> _Your objective_: Go through the listing below and output exactly the line with "Disney Minnie Mouse", the line with "海尔(Haier)空气能热水", and each line between; omit the rest.

======== Task input

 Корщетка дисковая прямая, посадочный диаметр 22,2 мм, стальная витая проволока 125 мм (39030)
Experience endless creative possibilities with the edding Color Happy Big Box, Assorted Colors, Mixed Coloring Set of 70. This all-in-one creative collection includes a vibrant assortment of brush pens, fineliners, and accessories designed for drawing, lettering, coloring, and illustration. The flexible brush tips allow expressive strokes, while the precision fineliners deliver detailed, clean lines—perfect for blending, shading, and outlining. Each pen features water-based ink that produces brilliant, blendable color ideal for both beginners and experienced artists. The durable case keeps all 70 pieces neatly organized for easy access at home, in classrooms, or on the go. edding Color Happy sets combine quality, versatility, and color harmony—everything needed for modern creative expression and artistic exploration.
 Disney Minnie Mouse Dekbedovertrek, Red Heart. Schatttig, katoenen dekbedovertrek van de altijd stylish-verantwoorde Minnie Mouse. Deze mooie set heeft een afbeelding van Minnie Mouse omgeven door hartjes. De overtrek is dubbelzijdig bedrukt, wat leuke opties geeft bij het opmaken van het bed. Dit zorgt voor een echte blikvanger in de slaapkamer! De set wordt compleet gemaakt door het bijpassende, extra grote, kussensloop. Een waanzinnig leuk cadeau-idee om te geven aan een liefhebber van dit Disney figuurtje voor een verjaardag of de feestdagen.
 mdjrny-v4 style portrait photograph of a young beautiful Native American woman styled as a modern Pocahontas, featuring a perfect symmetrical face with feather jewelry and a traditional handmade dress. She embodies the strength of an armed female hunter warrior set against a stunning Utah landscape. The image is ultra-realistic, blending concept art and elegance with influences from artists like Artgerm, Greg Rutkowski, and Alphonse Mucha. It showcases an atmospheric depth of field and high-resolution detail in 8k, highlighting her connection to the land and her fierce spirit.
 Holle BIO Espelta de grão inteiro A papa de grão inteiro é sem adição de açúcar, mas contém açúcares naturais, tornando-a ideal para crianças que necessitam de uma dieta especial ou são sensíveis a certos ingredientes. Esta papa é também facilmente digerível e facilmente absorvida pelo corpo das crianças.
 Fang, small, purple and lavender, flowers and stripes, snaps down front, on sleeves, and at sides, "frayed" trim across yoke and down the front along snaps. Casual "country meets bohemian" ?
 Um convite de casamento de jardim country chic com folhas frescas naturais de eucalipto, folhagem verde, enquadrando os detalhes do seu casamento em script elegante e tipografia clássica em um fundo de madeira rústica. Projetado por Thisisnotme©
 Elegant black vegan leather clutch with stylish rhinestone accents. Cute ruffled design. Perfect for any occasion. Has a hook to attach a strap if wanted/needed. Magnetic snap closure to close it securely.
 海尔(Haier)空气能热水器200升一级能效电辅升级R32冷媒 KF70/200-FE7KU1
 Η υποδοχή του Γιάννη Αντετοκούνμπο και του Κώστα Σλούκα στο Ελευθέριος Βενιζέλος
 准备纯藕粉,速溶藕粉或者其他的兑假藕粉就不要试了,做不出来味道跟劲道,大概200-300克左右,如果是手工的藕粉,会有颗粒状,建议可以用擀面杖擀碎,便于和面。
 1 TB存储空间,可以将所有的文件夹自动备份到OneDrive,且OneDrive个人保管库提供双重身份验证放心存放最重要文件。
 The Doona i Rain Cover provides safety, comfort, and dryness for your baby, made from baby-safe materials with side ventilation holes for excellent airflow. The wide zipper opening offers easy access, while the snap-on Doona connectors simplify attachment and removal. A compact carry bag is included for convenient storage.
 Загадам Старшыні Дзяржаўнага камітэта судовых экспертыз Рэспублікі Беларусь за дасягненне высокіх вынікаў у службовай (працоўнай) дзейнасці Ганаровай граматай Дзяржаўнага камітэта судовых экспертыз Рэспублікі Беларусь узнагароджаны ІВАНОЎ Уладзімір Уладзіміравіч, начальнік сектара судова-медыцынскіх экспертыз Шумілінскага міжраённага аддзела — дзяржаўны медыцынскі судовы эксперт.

================

> _Response_:
 Disney Minnie Mouse Dekbedovertrek, Red Heart. Schatttig, katoenen dekbedovertrek van de altijd stylish-verantwoorde Minnie Mouse. Deze mooie set heeft een afbeelding van Minnie Mouse omgeven door hartjes. De overtrek is dubbelzijdig bedrukt, wat leuke opties geeft bij het opmaken van het bed. Dit zorgt voor een echte blikvanger in de slaapkamer! De set wordt compleet gemaakt door het bijpassende, extra grote, kussensloop. Een waanzinnig leuk cadeau-idee om te geven aan een liefhebber van dit Disney figuurtje voor een verjaardag of de feestdagen.
 mdjrny-v4 style portrait photograph of a young beautiful Native American woman styled as a modern Pocahontas, featuring a perfect symmetrical face with feather jewelry and a traditional handmade dress. She embodies the strength of an armed female hunter warrior set against a stunning Utah landscape. The image is ultra-realistic, blending concept art and elegance with influences from artists like Artgerm, Greg Rutkowski, and Alphonse Mucha. It showcases an atmospheric depth of field and high-resolution detail in 8k, highlighting her connection to the land and her fierce spirit.
 Holle BIO Espelta de grão inteiro A papa de grão inteiro é sem adição de açúcar, mas contém açúcares naturais, tornando-a ideal para crianças que necessitam de uma dieta especial ou são sensíveis a certos ingredientes. Esta papa é também facilmente digerível e facilmente absorvida pelo corpo das crianças.
 Fang, small, purple and lavender, flowers and stripes, snaps down front, on sleeves, and at sides, "frayed" trim across yoke and down the front along snaps. Casual "country meets bohemian" ?
 Um convite de casamento de jardim country chic com folhas frescas naturais de eucalipto, folhagem verde, enquadrando os detalhes do seu casamento em script elegante e tipografia clássica em um fundo de madeira rústica. Projetado por Thisisnotme©
 Elegant black vegan leather clutch with stylish rhinestone accents. Cute ruffled design. Perfect for any occasion. Has a hook to attach a strap if wanted/needed. Magnetic snap closure to close it securely.
 海尔(Haier)空气能热水器200升一级能效电辅升级R32冷媒 KF70/200-FE7KU1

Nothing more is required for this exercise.